TASK — Pick each line containing "Call" out of the records.

((

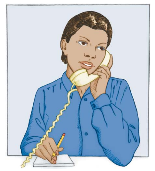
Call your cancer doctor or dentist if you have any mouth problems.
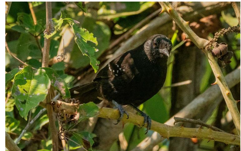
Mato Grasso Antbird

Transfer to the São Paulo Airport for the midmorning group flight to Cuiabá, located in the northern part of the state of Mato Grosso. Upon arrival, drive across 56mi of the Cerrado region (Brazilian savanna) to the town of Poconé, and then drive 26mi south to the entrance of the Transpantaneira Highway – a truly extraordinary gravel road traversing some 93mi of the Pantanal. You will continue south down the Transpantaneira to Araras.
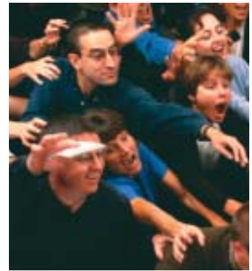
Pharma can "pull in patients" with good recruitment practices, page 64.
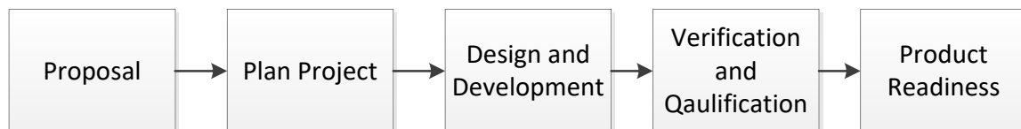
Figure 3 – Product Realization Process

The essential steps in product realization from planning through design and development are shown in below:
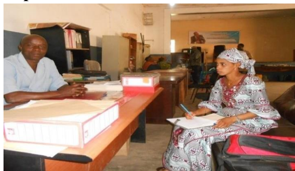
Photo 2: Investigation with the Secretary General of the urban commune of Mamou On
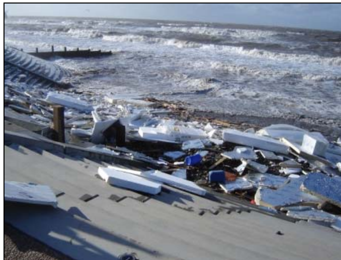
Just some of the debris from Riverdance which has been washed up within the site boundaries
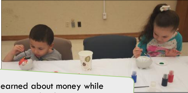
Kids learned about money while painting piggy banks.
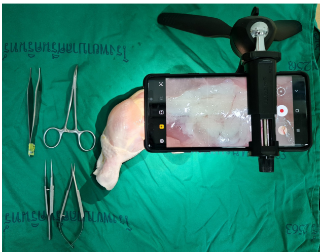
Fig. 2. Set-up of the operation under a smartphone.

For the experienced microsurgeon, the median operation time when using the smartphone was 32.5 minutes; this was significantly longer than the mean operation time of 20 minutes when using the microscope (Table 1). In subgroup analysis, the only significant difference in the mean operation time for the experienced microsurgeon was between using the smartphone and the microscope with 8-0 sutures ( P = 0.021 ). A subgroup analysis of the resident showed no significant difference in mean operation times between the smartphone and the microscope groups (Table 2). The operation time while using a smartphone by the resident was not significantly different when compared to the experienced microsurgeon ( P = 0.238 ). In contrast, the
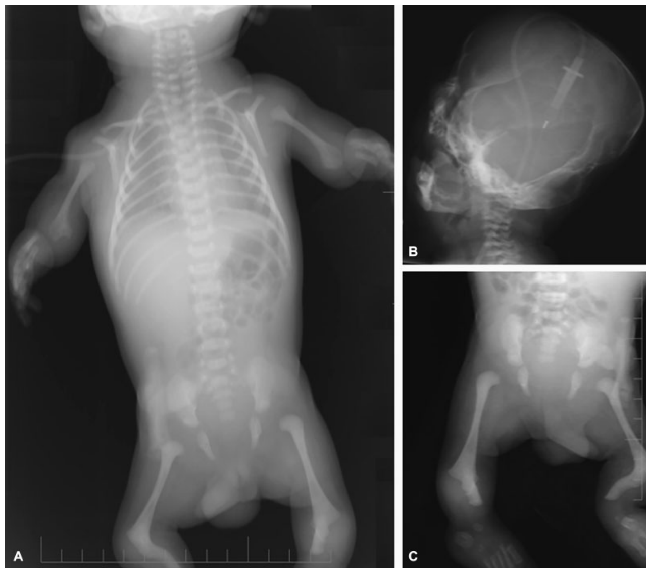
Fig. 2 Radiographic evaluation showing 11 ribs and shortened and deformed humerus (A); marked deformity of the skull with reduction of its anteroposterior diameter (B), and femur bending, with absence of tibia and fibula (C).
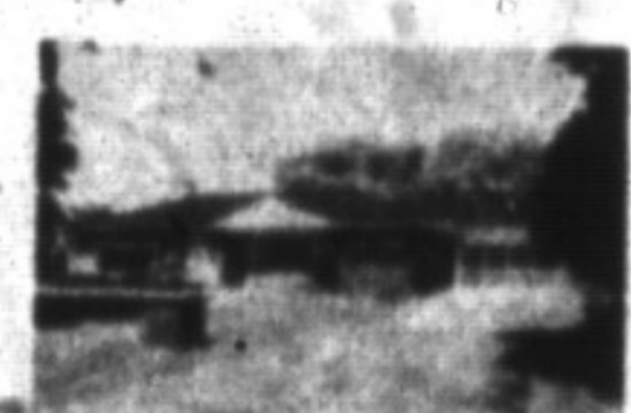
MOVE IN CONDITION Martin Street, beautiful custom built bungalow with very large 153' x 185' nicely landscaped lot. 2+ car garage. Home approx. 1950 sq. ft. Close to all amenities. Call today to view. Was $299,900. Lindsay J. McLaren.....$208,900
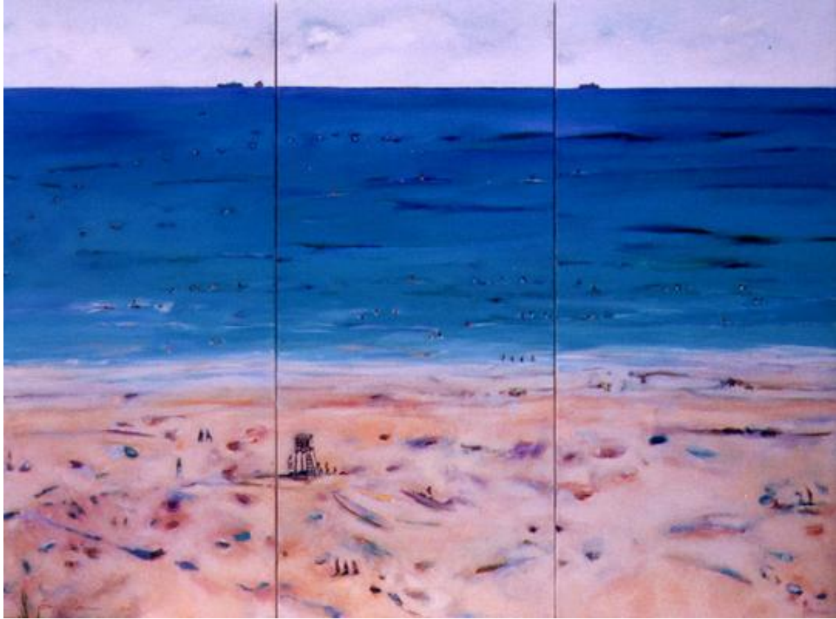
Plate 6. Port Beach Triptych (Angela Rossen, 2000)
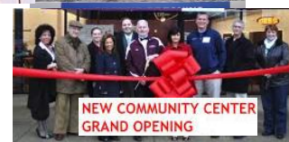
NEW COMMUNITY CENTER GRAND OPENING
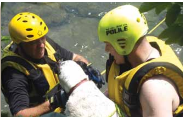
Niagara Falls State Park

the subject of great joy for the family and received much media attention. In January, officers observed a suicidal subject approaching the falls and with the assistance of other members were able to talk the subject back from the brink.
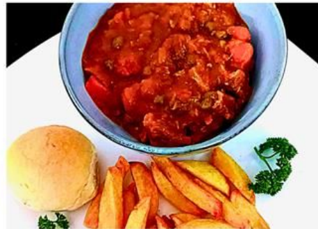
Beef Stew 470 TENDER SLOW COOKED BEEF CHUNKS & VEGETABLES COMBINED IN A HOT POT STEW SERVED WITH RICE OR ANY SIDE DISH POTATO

))

RESULT BELOW —
Call your cancer doctor or dentist if you have any mouth problems.
MOVE IN CONDITION Martin Street, beautiful custom built bungalow with very large 153' x 185' nicely landscaped lot. 2+ car garage. Home approx. 1950 sq. ft. Close to all amenities. Call today to view. Was $299,900. Lindsay J. McLaren.....$208,900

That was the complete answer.